Stored items>
================================

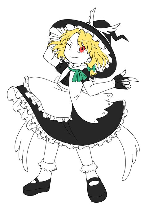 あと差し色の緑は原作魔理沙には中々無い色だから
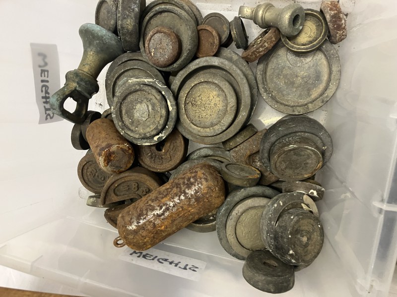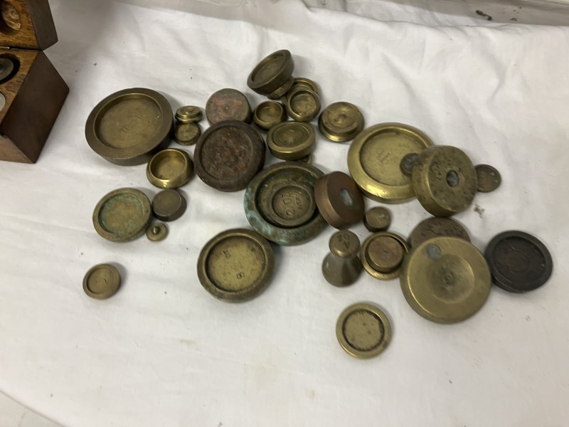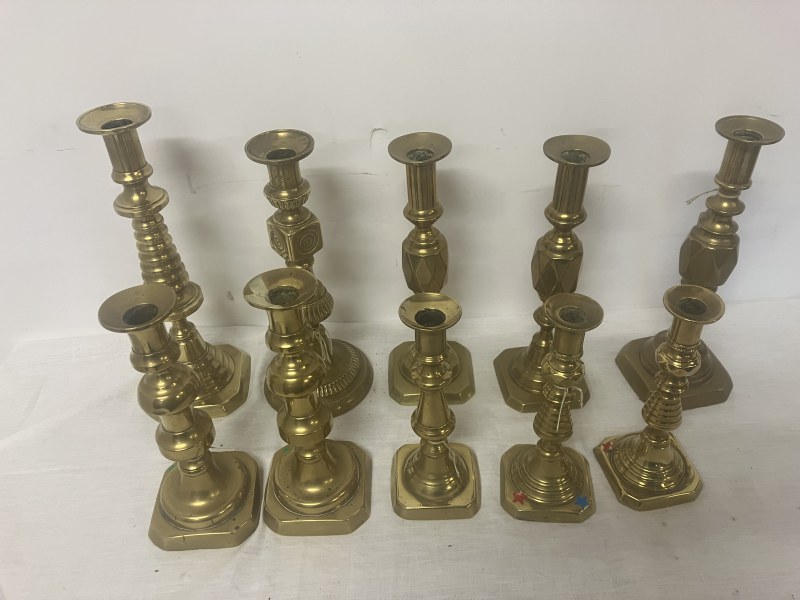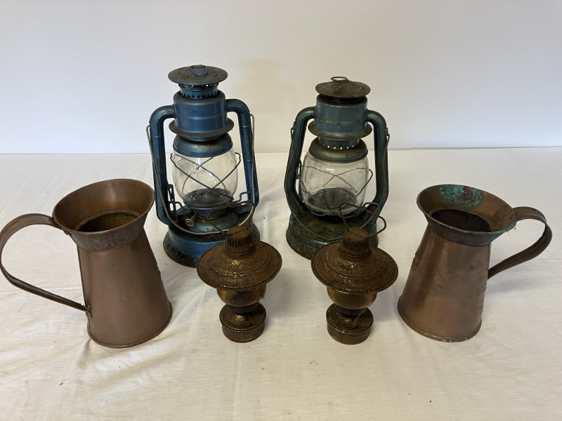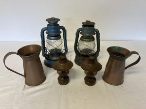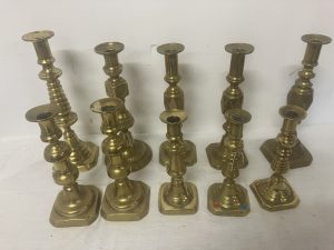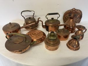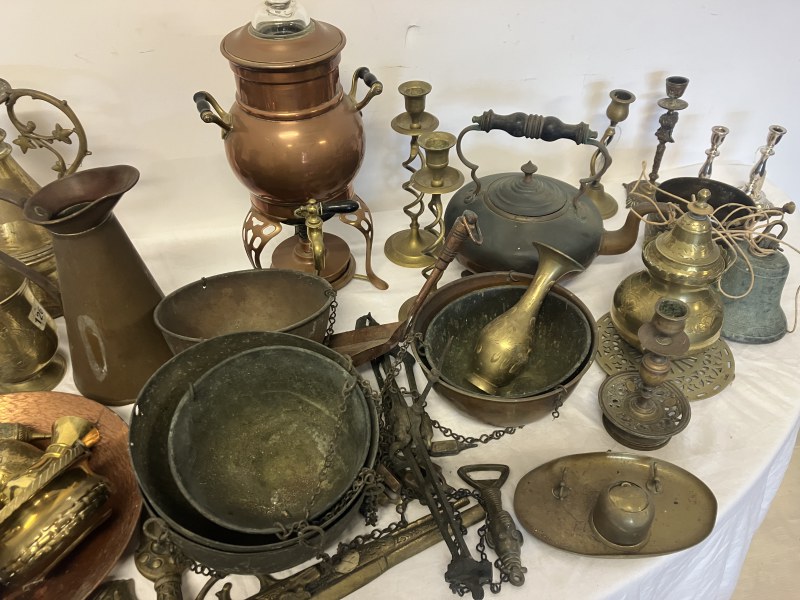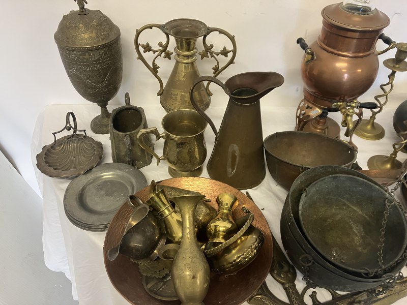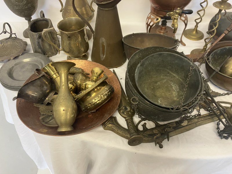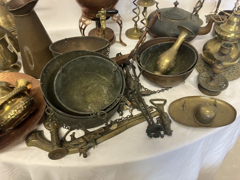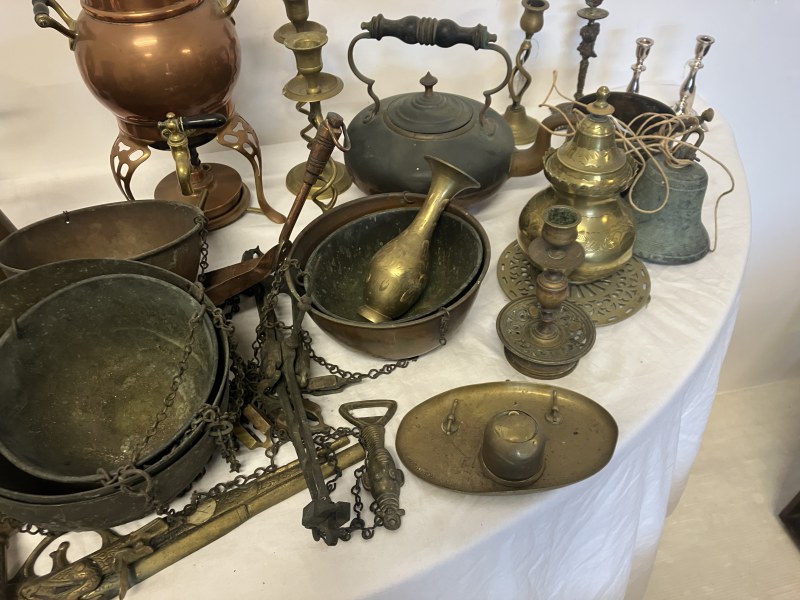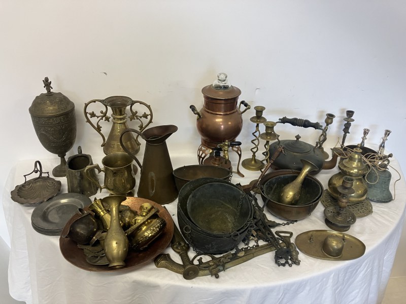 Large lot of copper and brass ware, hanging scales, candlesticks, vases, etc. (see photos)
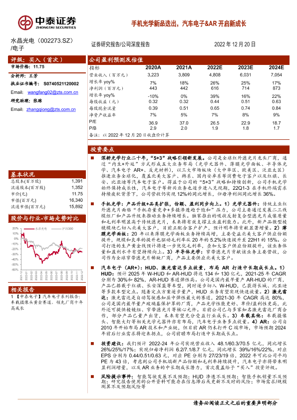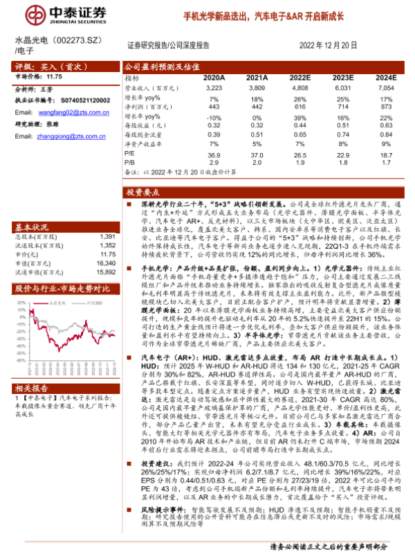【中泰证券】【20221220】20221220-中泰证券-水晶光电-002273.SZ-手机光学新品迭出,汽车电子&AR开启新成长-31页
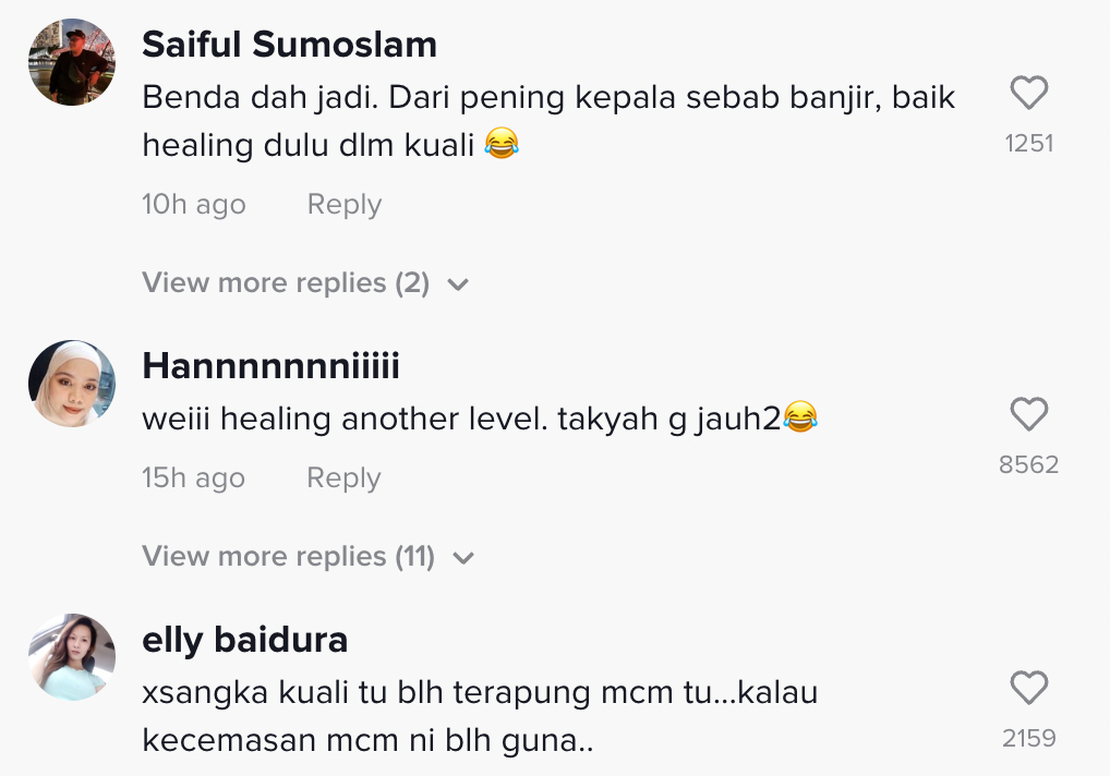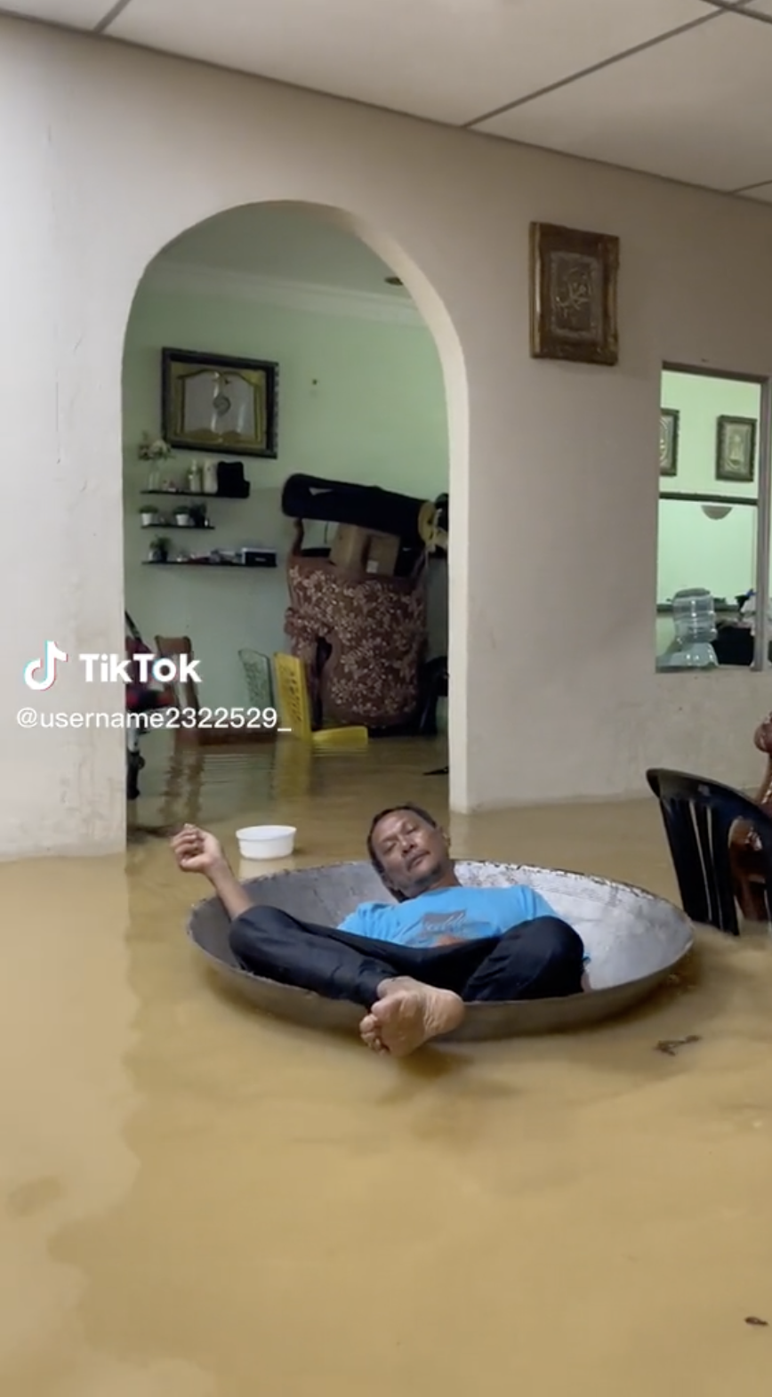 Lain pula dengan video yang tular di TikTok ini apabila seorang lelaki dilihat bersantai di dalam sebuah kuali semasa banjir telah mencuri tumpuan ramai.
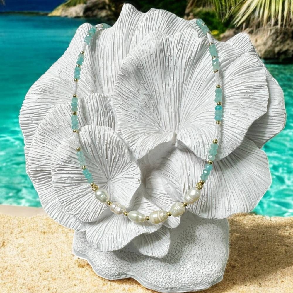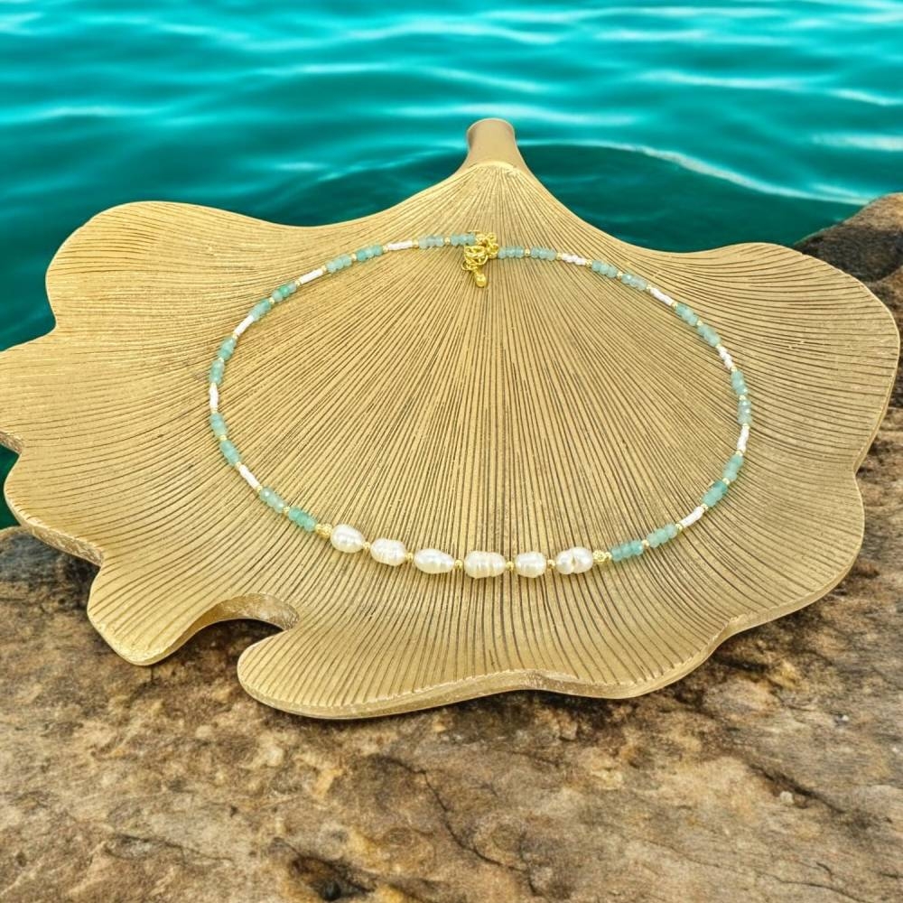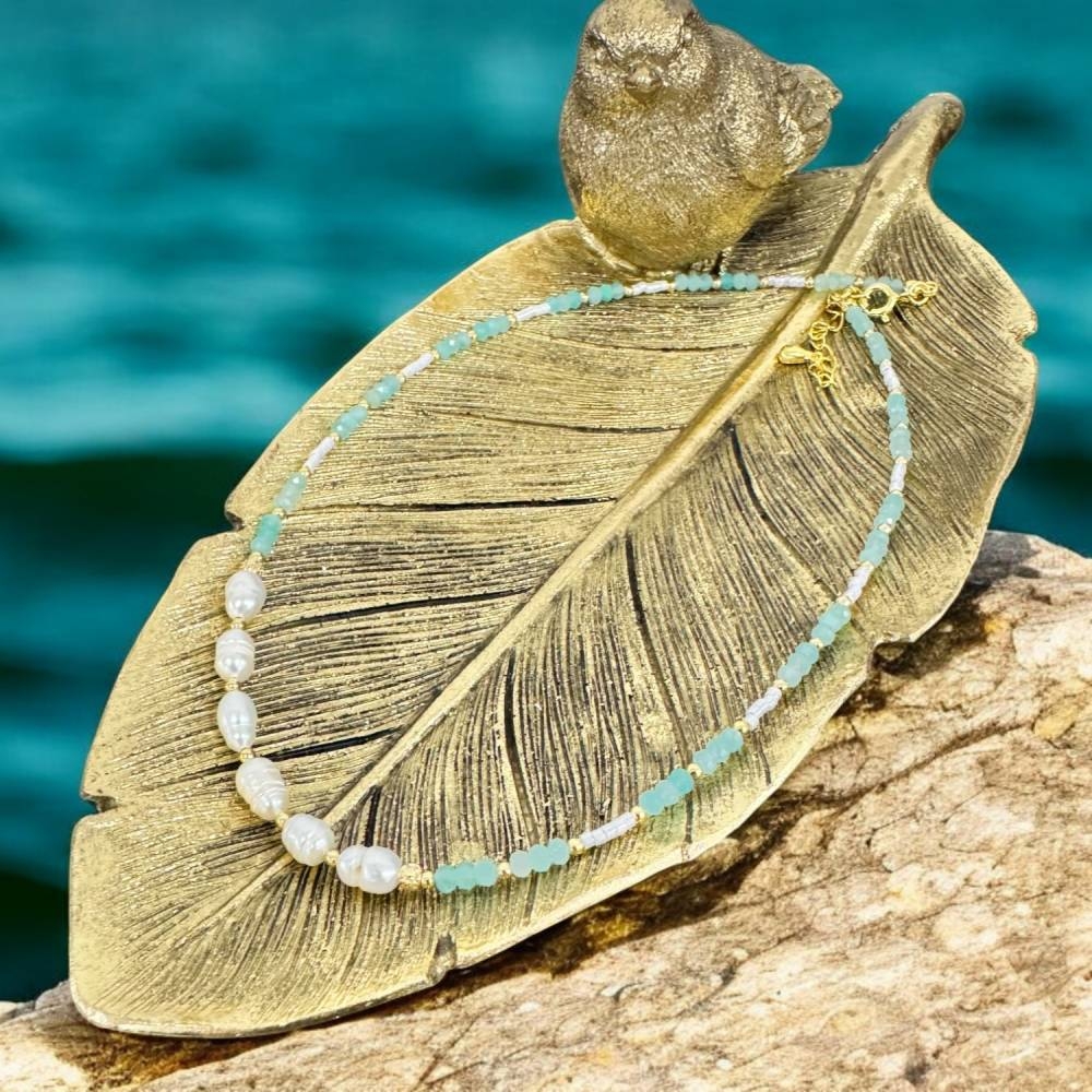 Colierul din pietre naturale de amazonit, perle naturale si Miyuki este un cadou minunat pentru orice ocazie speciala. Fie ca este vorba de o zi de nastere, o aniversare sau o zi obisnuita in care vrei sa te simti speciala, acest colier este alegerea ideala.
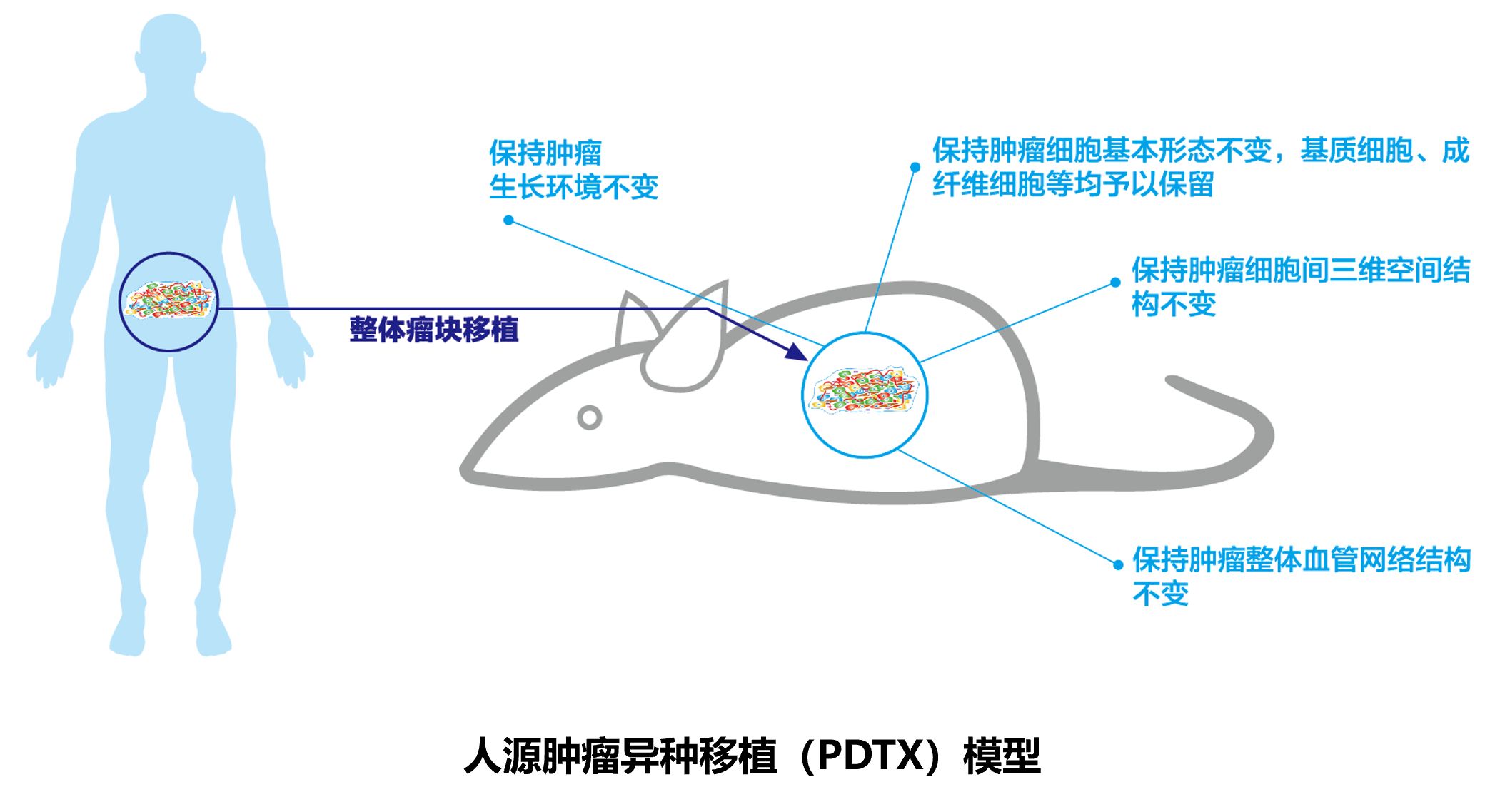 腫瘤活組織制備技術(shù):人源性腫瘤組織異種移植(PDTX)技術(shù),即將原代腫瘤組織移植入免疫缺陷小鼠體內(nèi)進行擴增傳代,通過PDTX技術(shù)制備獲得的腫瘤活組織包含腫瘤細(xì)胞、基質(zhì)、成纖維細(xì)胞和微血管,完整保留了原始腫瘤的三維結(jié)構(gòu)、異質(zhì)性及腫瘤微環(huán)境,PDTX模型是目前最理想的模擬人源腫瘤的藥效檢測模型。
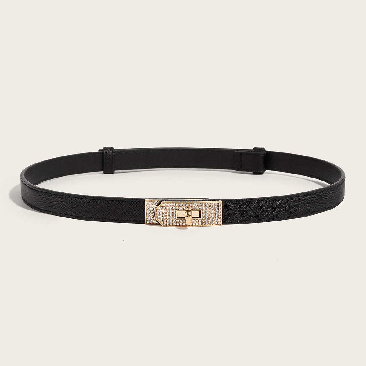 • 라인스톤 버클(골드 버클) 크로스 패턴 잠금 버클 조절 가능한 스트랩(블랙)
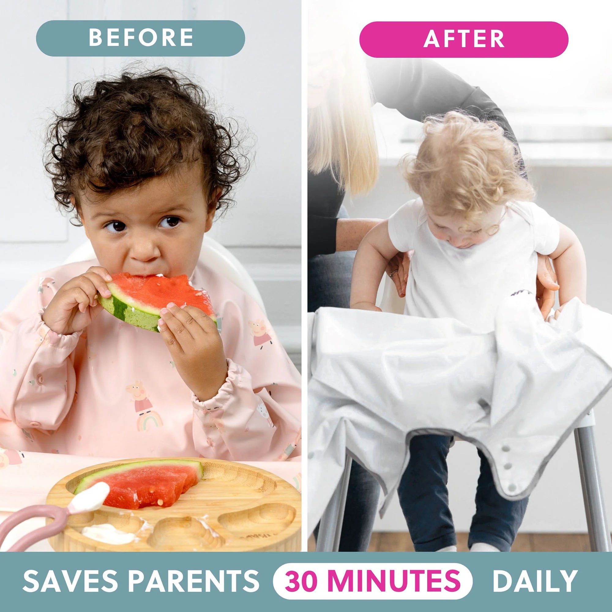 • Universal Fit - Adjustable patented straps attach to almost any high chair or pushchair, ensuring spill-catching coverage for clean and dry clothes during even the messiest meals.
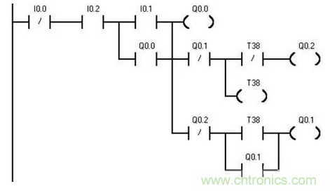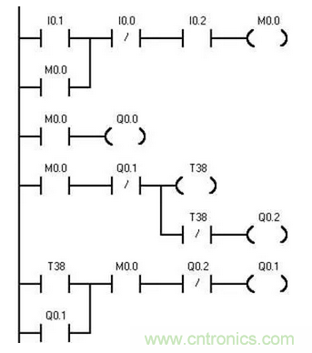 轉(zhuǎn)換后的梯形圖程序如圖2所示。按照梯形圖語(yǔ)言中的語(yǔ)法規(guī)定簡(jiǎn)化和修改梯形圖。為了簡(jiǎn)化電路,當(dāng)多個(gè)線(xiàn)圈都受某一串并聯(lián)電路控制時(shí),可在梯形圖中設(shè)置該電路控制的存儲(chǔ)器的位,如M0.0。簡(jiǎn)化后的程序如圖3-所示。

================================

Your goal> Beginning at the line above that contains "조절 가능한 스트랩(블랙)", repeat each line exactly through the one that contains "the messiest meals.", and leave out the pictures.

Answer for the task>
 • 라인스톤 버클(골드 버클) 크로스 패턴 잠금 버클 조절 가능한 스트랩(블랙)
 • Universal Fit - Adjustable patented straps attach to almost any high chair or pushchair, ensuring spill-catching coverage for clean and dry clothes during even the messiest meals.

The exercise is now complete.